▶ [EXTRACTED ENTRIES]

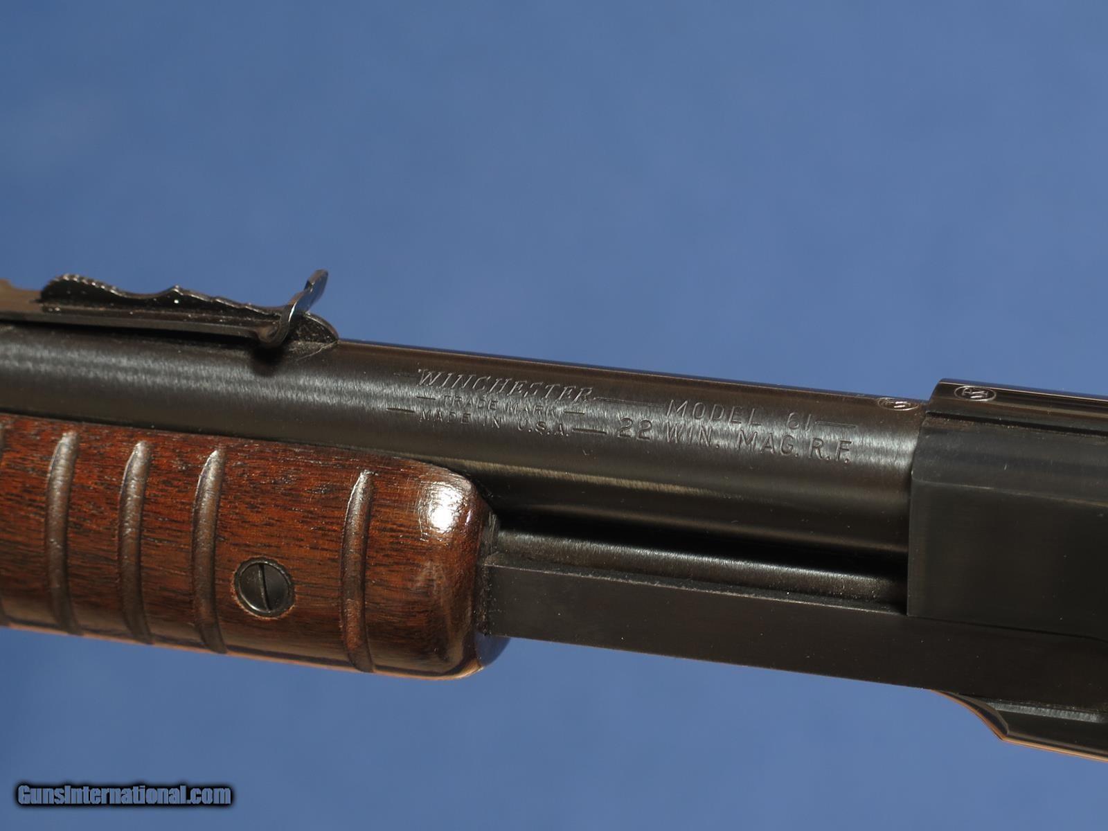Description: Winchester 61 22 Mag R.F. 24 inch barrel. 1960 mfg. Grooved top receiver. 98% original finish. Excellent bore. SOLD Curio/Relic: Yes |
...
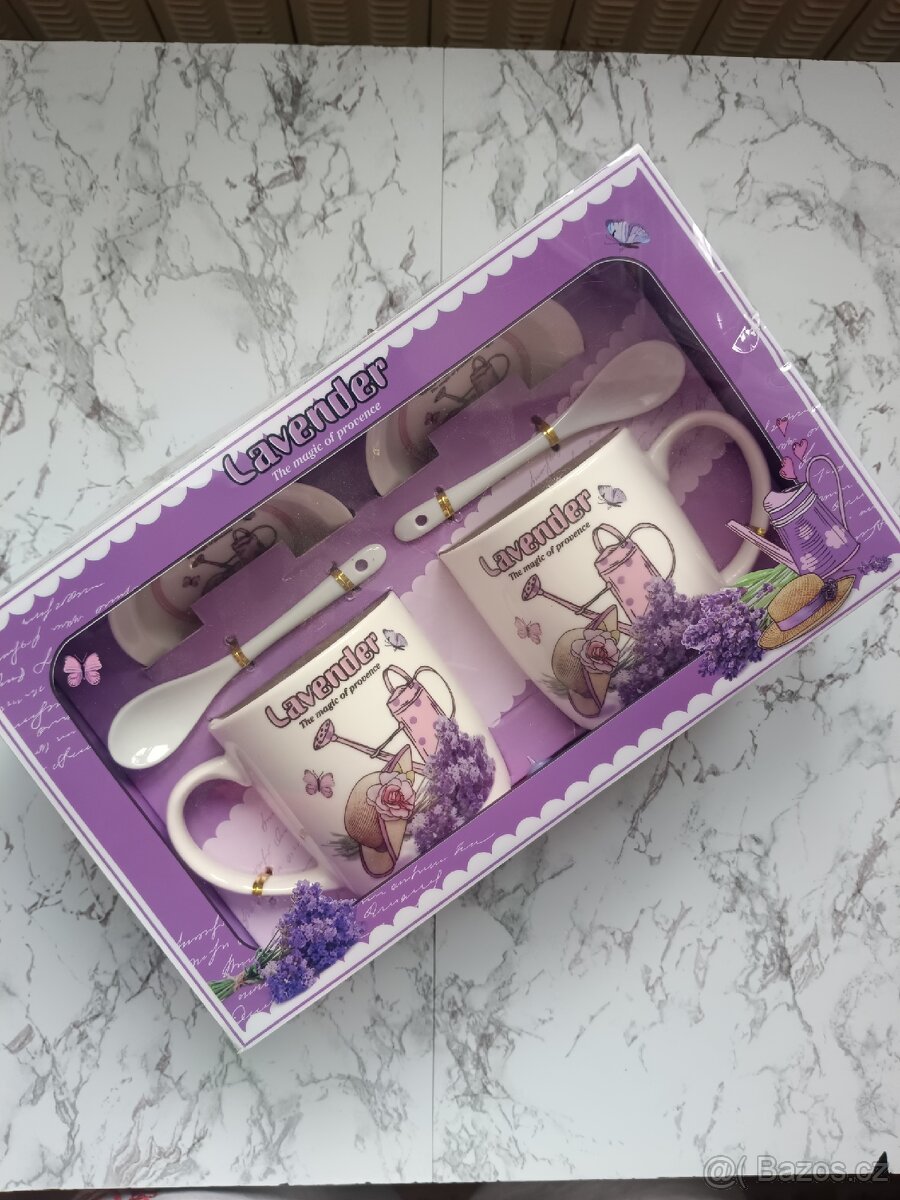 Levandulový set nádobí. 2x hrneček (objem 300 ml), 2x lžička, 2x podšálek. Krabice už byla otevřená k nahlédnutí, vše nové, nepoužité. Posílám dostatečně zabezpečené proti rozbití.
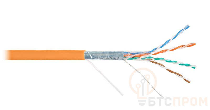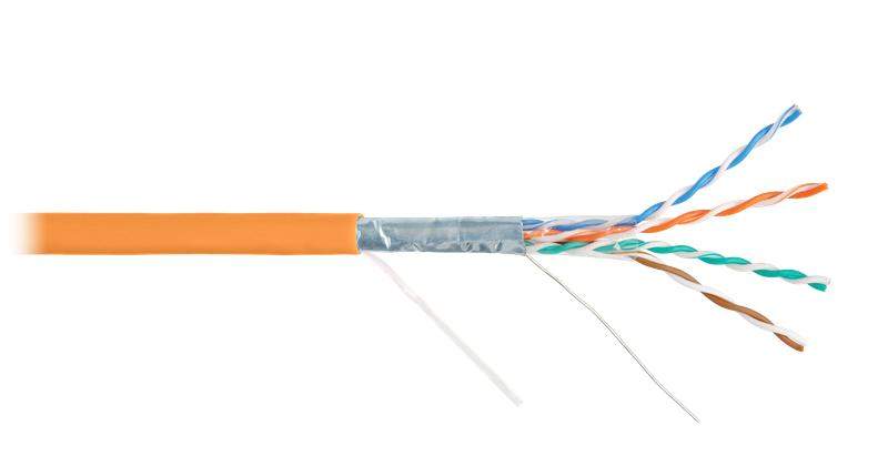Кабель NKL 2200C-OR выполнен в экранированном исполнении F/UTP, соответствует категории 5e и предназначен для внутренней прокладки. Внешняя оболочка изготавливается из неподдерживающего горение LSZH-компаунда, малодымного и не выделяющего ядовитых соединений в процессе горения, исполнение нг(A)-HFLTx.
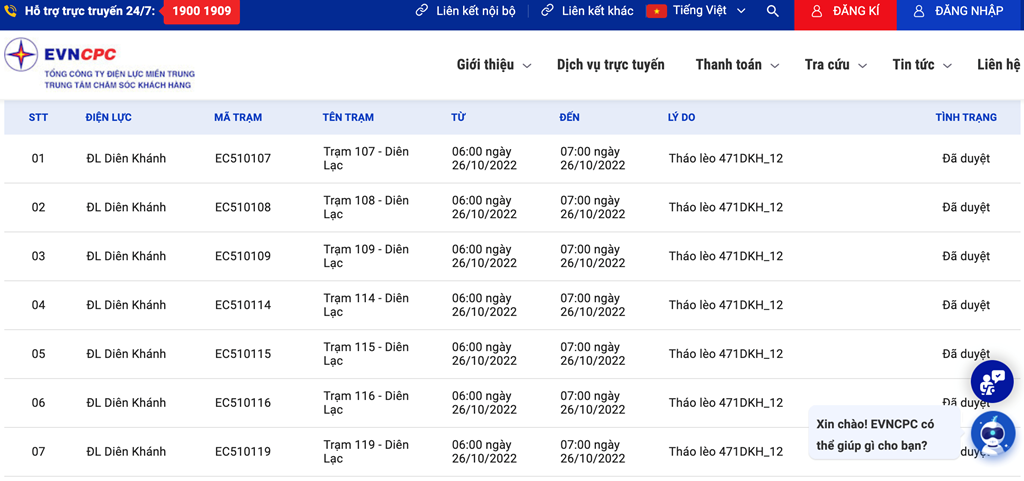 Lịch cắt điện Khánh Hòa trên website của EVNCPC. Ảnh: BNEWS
==
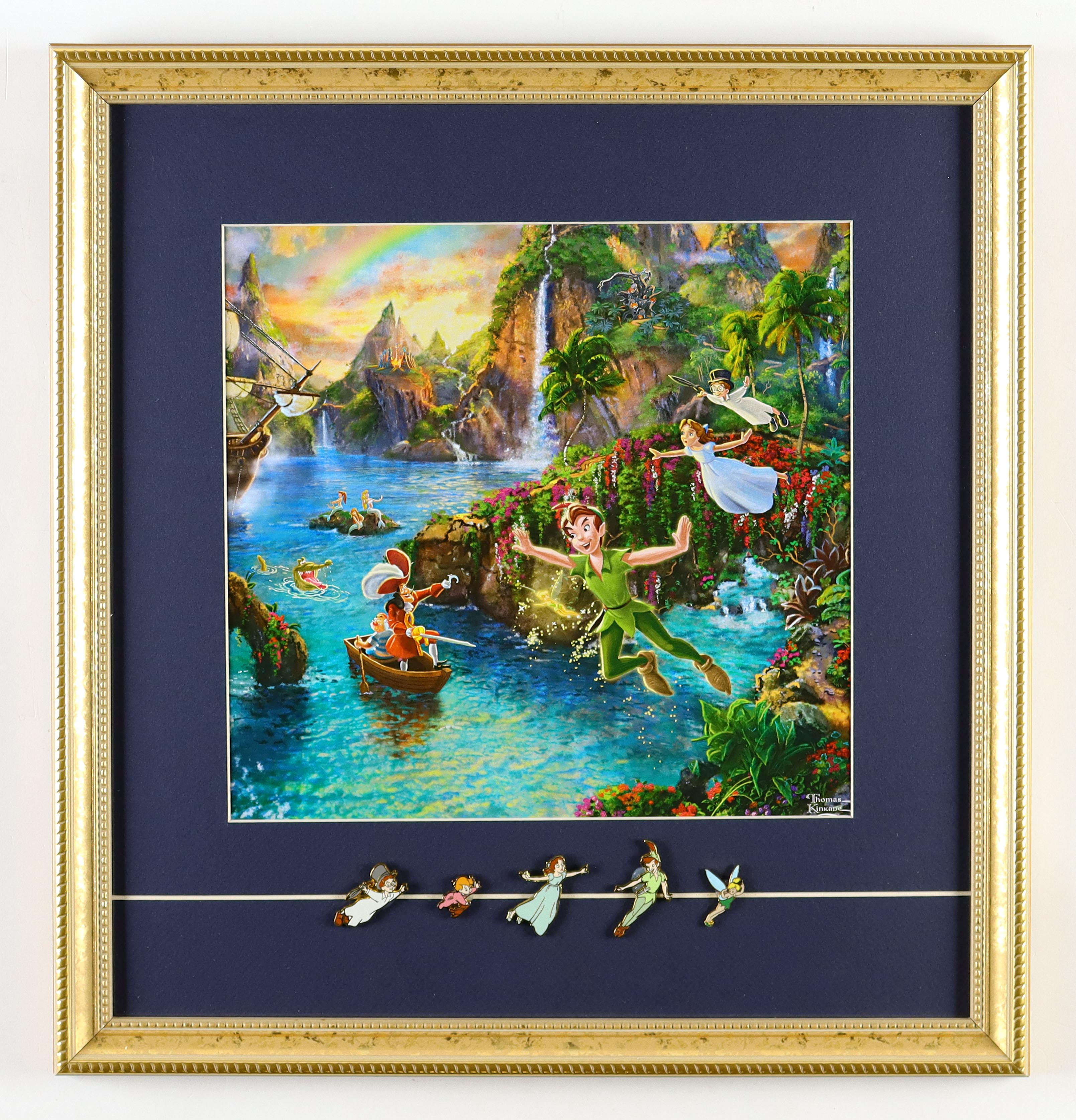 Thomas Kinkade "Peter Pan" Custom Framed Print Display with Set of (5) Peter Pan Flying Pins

▶ [DIRECTIONS] From the line with "Кабель NKL 2200C-OR" up to and including the line with "Lịch cắt điện" above, retype every line exactly and nothing more; leave out the pictures.

▶ [RESULT FOR THIS TASK]
Кабель NKL 2200C-OR выполнен в экранированном исполнении F/UTP, соответствует категории 5e и предназначен для внутренней прокладки. Внешняя оболочка изготавливается из неподдерживающего горение LSZH-компаунда, малодымного и не выделяющего ядовитых соединений в процессе горения, исполнение нг(A)-HFLTx.
 Lịch cắt điện Khánh Hòa trên website của EVNCPC. Ảnh: BNEWS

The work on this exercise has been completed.